Your answer must be the exact lines from the one with "At the centre" to the end of the data, both included, with no pictures.
══════
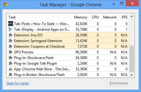 Burada listelenen öğelerin çoğu - aslında çoğunluğu - normal web sayfalarıdır, ancak bazıları yüklediğiniz uzantılarla ilgili olacaktır. Sadece şu anda bakmakta olduğunuz sekmenin, arka planda çalıştırmanız gereken her şeyle birlikte, büyük bir bellek yığınını kullanması gerektiği tartışılabilir.
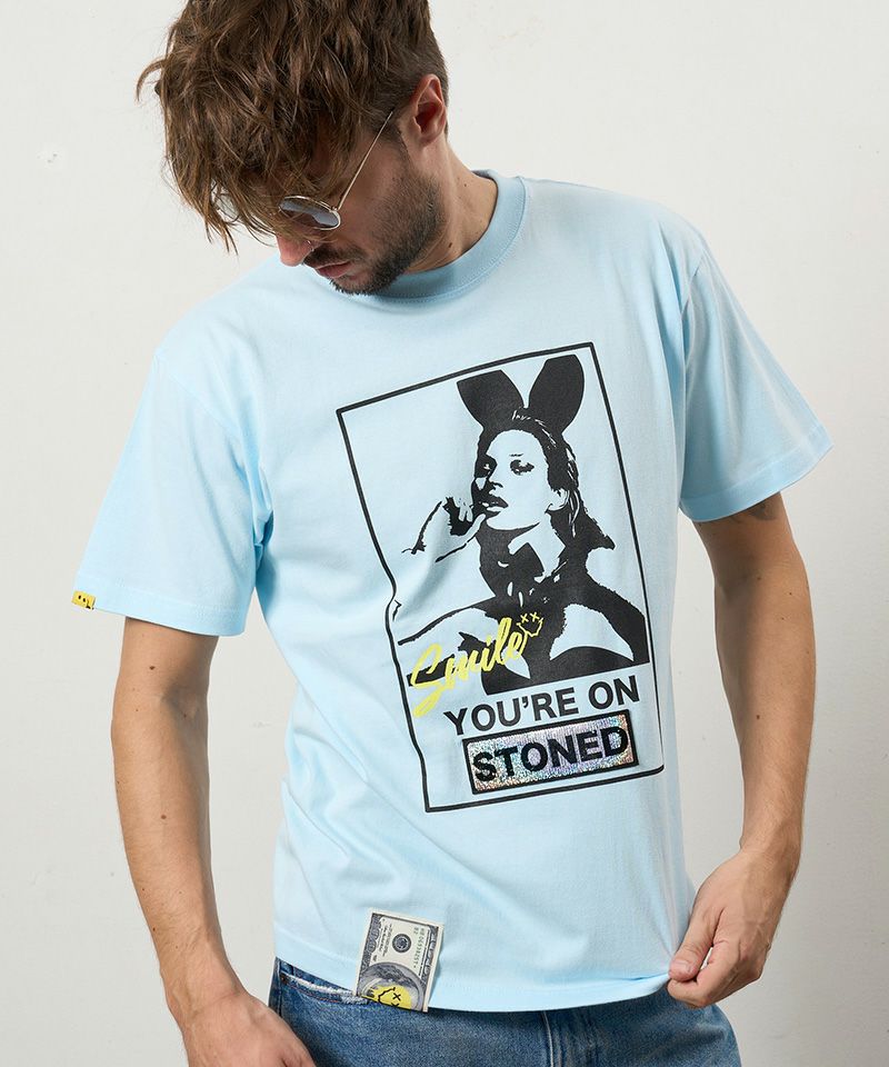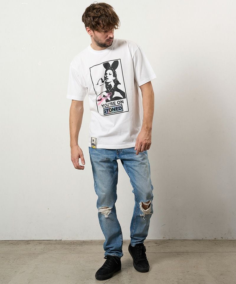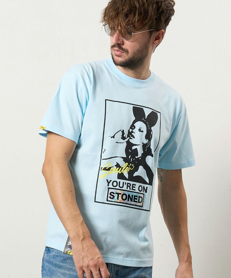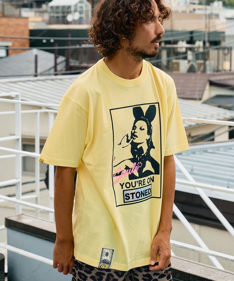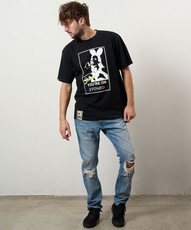 STUD MUFFIN 【STUD MUFFIN(スタッドマフィン)】【予約販売3月中旬~下旬入荷】5.6ozコットン天竺YOURE ON STONEDシークインSSシャツ Tシャツ(614-02875)
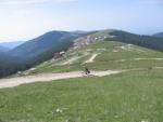 Jak to powiedzieć, że pomimo wspaniałej pogody, dobrego ekwipunku czuć jednak w tym miejscu jakiś strach przed potęgą tych gór. Człowiek zachwyca się tymi widokami lecz podświadomie dąży do tego aby uciec stąd jak najszybciej. Strach przed górami, nie ma się czego wstydzić. Tutaj czuć jaką kruszyną jest człowiek wobec majestatu gór. Wystarczy załamanie pogody i robi sie problem. Nie ma jak szybko uciec. Góry stwarzają barierę nie do przebycia. Dotarcie tutaj nie było łatwe, co by było gdyby warunki były inne. Zjazd jest nieprzyjemny, ogromne i luźne kamienie nie ułatwiają zadania. Momentami bardzo stromo. Rowery objuczone sakwami nie zachowuję się najlepiej w takich warunkach. Mijamy dwóch Rumunów na rowerach. Ich ekwipunek to makrokeszowe fulle z przykręconymi do sztycy koszykami. W koszykach luzem leżą bagaże. Nie dziwi fakt, że z takim ekwipunkiem chłopaki muszą prowadzić rowery. Aż żal myśleć kiedy dojadą do celu.
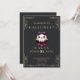 At the centre of the design is a super pretty ghost, adorned in shades of pink, black, and white. This playful ghost wears a black bow decorated with pink skulls, adding a touch of Halloween fun and whimsy to the invitation. The combination of bold colours and cute elements gives the ghost a charming, modern twist, perfect for a stylish Halloween party.
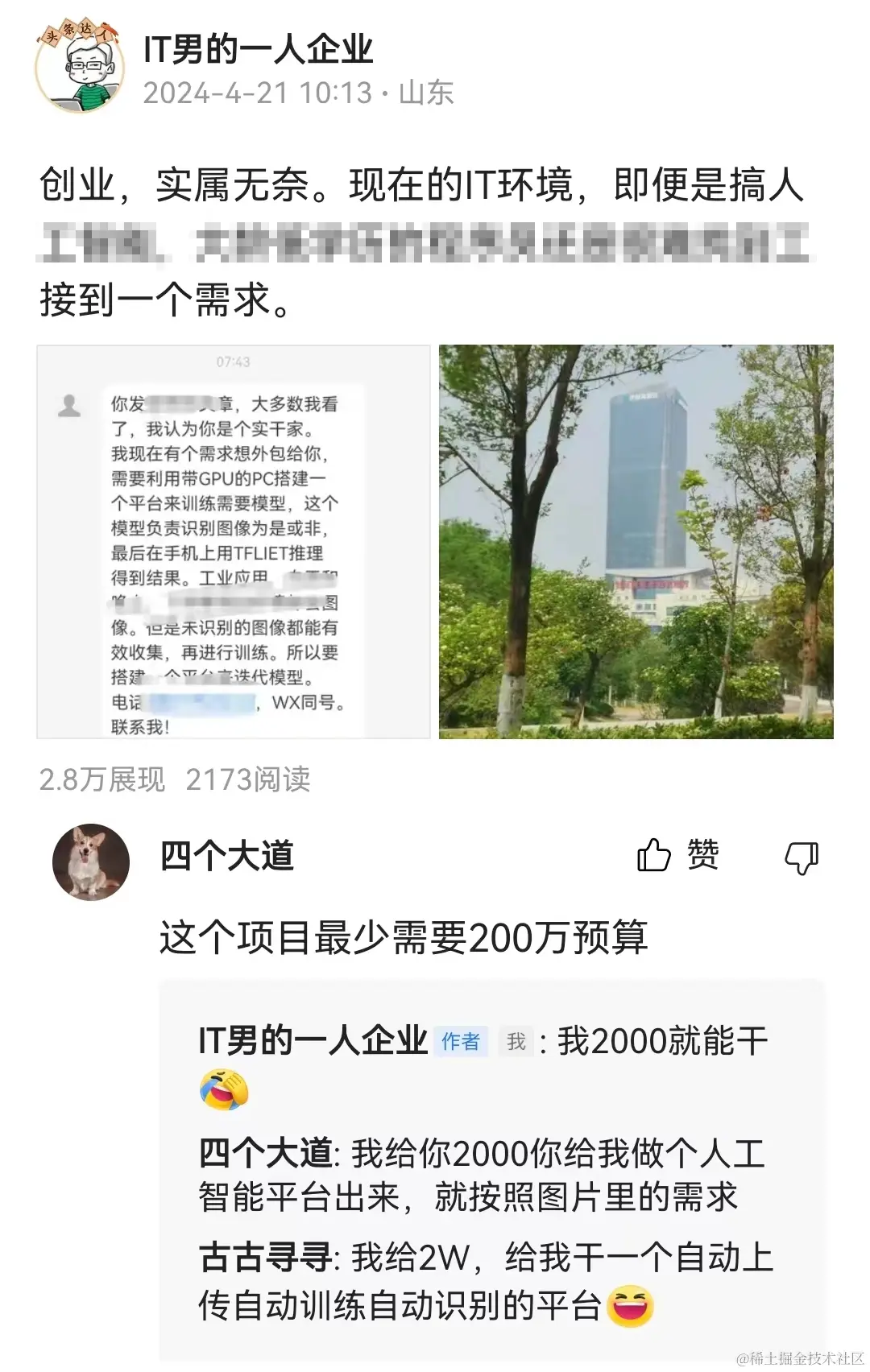 后面有人接着说,他给我2000让我做,也有说给2万的,就做一个自动上传自动训练自动识别的平台。
══════
_YOUR RESPONSE_
 At the centre of the design is a super pretty ghost, adorned in shades of pink, black, and white. This playful ghost wears a black bow decorated with pink skulls, adding a touch of Halloween fun and whimsy to the invitation. The combination of bold colours and cute elements gives the ghost a charming, modern twist, perfect for a stylish Halloween party.
 后面有人接着说,他给我2000让我做,也有说给2万的,就做一个自动上传自动训练自动识别的平台。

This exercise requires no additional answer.